DATA TO EXAMINE:
*** Block opens ***

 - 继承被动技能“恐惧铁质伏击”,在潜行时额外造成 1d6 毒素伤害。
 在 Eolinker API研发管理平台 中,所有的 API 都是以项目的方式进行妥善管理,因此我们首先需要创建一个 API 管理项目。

*** Block closes ***
*** Block opens ***

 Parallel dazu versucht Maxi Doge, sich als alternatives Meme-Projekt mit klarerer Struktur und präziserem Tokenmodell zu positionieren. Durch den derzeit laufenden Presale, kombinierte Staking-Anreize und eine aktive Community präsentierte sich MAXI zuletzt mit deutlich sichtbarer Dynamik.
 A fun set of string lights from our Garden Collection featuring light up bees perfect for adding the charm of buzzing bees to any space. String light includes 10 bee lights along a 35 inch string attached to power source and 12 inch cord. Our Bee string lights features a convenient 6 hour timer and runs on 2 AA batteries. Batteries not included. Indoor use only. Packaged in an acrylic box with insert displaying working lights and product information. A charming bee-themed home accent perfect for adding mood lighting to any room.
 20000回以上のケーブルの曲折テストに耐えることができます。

*** Block closes ***

WHAT YOU ARE ASKED TO DO:
What you give back should be exactly the lines of the data above from the line with "Parallel dazu versucht" through the line with "20000回以上のケーブルの曲折テストに耐えることができます。", both of those included, and nothing more.

RESULT OF THIS TASK:
 Parallel dazu versucht Maxi Doge, sich als alternatives Meme-Projekt mit klarerer Struktur und präziserem Tokenmodell zu positionieren. Durch den derzeit laufenden Presale, kombinierte Staking-Anreize und eine aktive Community präsentierte sich MAXI zuletzt mit deutlich sichtbarer Dynamik.
 A fun set of string lights from our Garden Collection featuring light up bees perfect for adding the charm of buzzing bees to any space. String light includes 10 bee lights along a 35 inch string attached to power source and 12 inch cord. Our Bee string lights features a convenient 6 hour timer and runs on 2 AA batteries. Batteries not included. Indoor use only. Packaged in an acrylic box with insert displaying working lights and product information. A charming bee-themed home accent perfect for adding mood lighting to any room.
 20000回以上のケーブルの曲折テストに耐えることができます。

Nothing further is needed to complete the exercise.